My personal affection for Peter, Paul and Mary was rekindled recently when, through the courtesy of my Nephew Dan, I attended their concert in Lowell, Mass. Peter, Paul and Mary have been in the public spotlight now for forty-five years, and my affair with them goes back to almost the beginning.

When my family purchased a new "hi-fi system" in the early 1960s, one of the first long-playing, 33 rpm albums I bought was the two-record set, Peter, Paul and Mary in Concert. I still have it.

When I was named a bishop in 1992 I received a handwritten note from Mary Travers, congratulating me and encouraging me to keep the faith.

A few years ago they recorded a Christmas special for PBS television and I watch it, religiously, two or three times every holiday season.

I've attended at least five of their concerts spanning five decades.

The first was in Miami, perhaps in 1965-66, with my mom and dad during a seminary-approved version of spring break. It was a rainy, stormy night in Miami with terrible driving conditions but my mom and dad, God rest them, had obtained concert tickets to surprise me and they were determined to get me there.

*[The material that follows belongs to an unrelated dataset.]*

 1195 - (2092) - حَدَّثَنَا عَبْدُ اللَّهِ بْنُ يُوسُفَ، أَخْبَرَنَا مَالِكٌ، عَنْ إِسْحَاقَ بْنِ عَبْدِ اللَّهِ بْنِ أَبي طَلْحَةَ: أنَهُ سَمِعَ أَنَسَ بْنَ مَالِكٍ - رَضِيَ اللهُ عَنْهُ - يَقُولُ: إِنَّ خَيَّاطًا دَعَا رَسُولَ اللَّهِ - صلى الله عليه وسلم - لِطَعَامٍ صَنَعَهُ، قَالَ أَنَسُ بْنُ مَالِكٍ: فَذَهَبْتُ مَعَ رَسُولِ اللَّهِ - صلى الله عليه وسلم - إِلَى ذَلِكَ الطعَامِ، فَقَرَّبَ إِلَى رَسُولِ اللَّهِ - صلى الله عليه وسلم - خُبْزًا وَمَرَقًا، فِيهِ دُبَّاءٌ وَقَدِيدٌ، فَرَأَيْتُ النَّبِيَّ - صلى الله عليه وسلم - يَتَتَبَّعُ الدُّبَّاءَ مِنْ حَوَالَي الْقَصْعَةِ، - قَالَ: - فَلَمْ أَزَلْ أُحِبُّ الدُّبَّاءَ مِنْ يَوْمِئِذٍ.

I next remember seeing PP&M in concert in Pittsburgh, about 1968, when a group of seminarians, now in college, traveled from Loretto, PA to Pittsburgh's famed Syria Mosque for the performance. One of our classmate's family owned a flower shop in Pittsburgh and had arranged to have flowers, daisies I think, sent to Mary backstage. We actually met her after the concert and when he brazenly asked for a kiss on the cheek she turned him down and warned that he was falling into sin!

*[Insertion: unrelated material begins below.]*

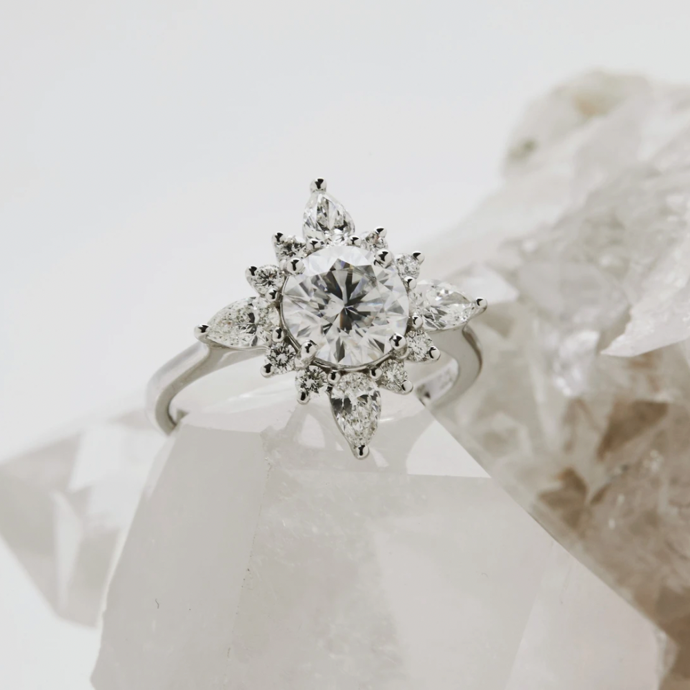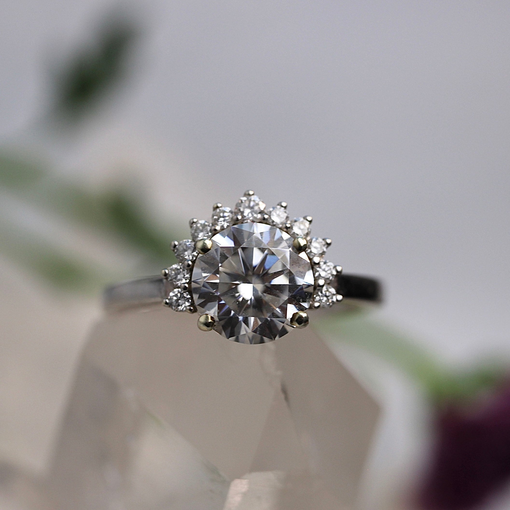 Lotus Round - Moissanite - White Gold - Ready to Ship

The next concert I attended, again in Pittsburgh, about twenty years later, was probably the most memorable. A great performance as always but during the concert, while Peter, Paul and Mary were on stage singing about peace, love and joy, a violent fight broke out in the audience in the section right behind us. I'll never forget the incongruity of the moment.

Just two years ago I attended an outdoor summer concert in Pittsburgh with several young friends. The freight trains traveling in and out of Pittsburgh passed right behind the concert venue and disrupted the music several times. PP&M were obviously annoyed but compensated very nicely by spontaneously launching into their song Freight Train, Freight Train every time a train passed by.

And then there was the concert last month in Lowell. Obviously the audience has aged. You can tell that's the case when the line at the handicapped entrance is longer than the other lines. Lots of wheel chairs, canes, gray hair, no hair and flowered nylon shirts. Nephew Dan was nice enough to remind me that it might be the last time I'd ever see Peter, Paul and Mary in concert - not because of their condition, but because of mine. I've written him out of my will!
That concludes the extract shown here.